══ Supplied records ══

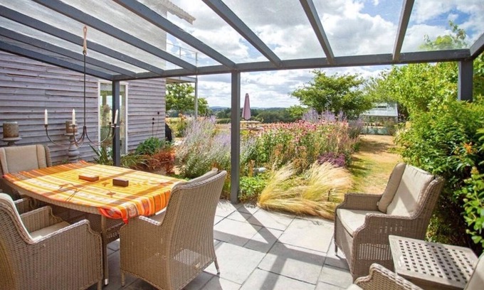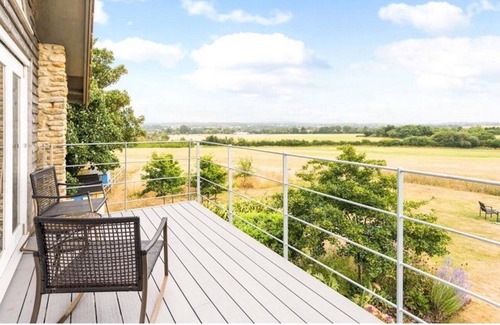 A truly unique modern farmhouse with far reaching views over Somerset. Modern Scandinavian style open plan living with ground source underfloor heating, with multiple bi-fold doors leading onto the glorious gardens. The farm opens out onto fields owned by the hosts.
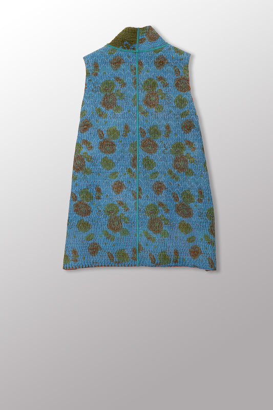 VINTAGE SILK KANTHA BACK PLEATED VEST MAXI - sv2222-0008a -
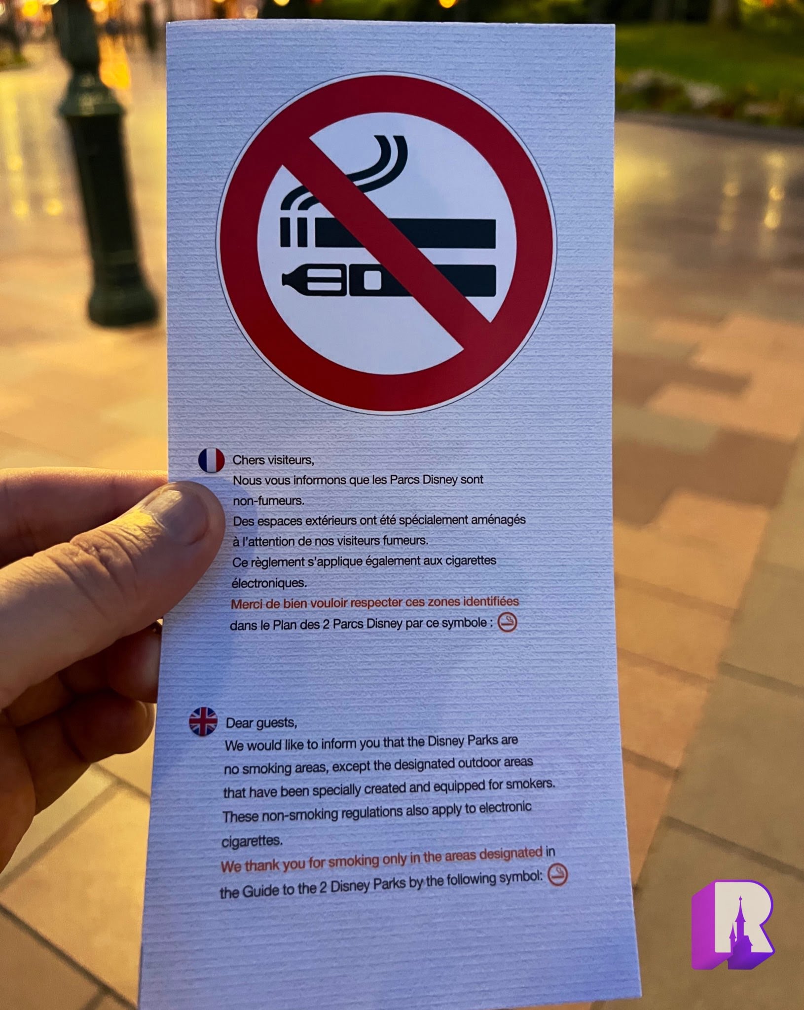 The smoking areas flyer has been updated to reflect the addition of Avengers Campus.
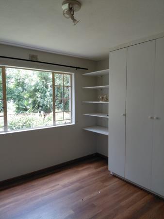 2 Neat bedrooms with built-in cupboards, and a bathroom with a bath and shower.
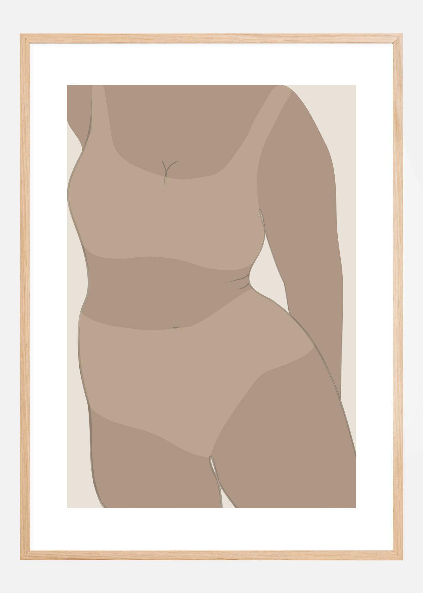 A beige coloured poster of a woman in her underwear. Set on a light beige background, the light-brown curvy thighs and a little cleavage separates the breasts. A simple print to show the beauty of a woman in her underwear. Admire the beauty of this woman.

═══
══ Supplied records ══

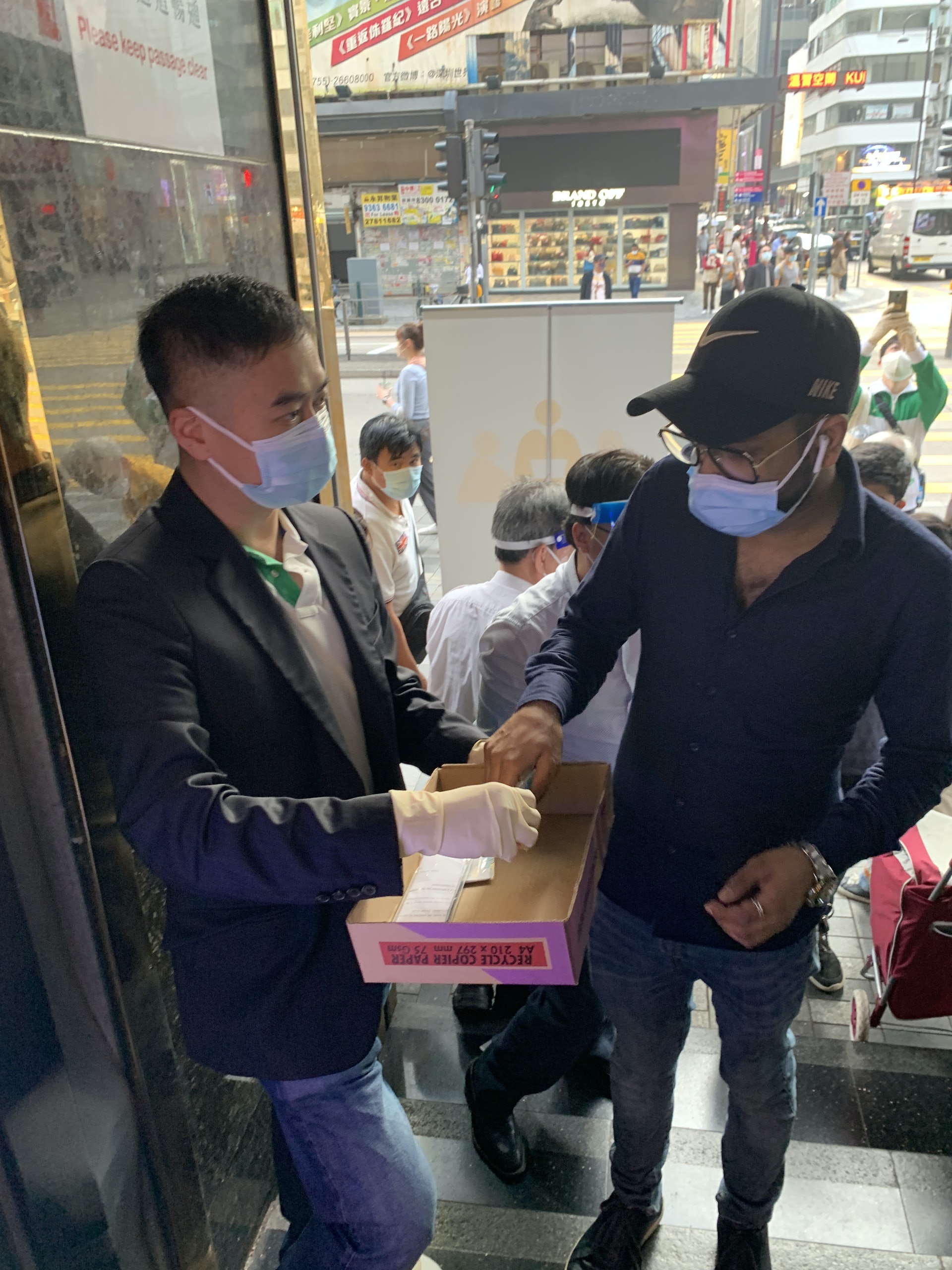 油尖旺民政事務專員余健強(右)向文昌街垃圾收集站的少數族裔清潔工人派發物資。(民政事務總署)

═══

What you will do: Restate the lines above from the one containing "The smoking areas" through the one containing "A beige coloured", inclusive, exactly and without pictures.

Response to this exercise:
 The smoking areas flyer has been updated to reflect the addition of Avengers Campus.
 2 Neat bedrooms with built-in cupboards, and a bathroom with a bath and shower.
 A beige coloured poster of a woman in her underwear. Set on a light beige background, the light-brown curvy thighs and a little cleavage separates the breasts. A simple print to show the beauty of a woman in her underwear. Admire the beauty of this woman.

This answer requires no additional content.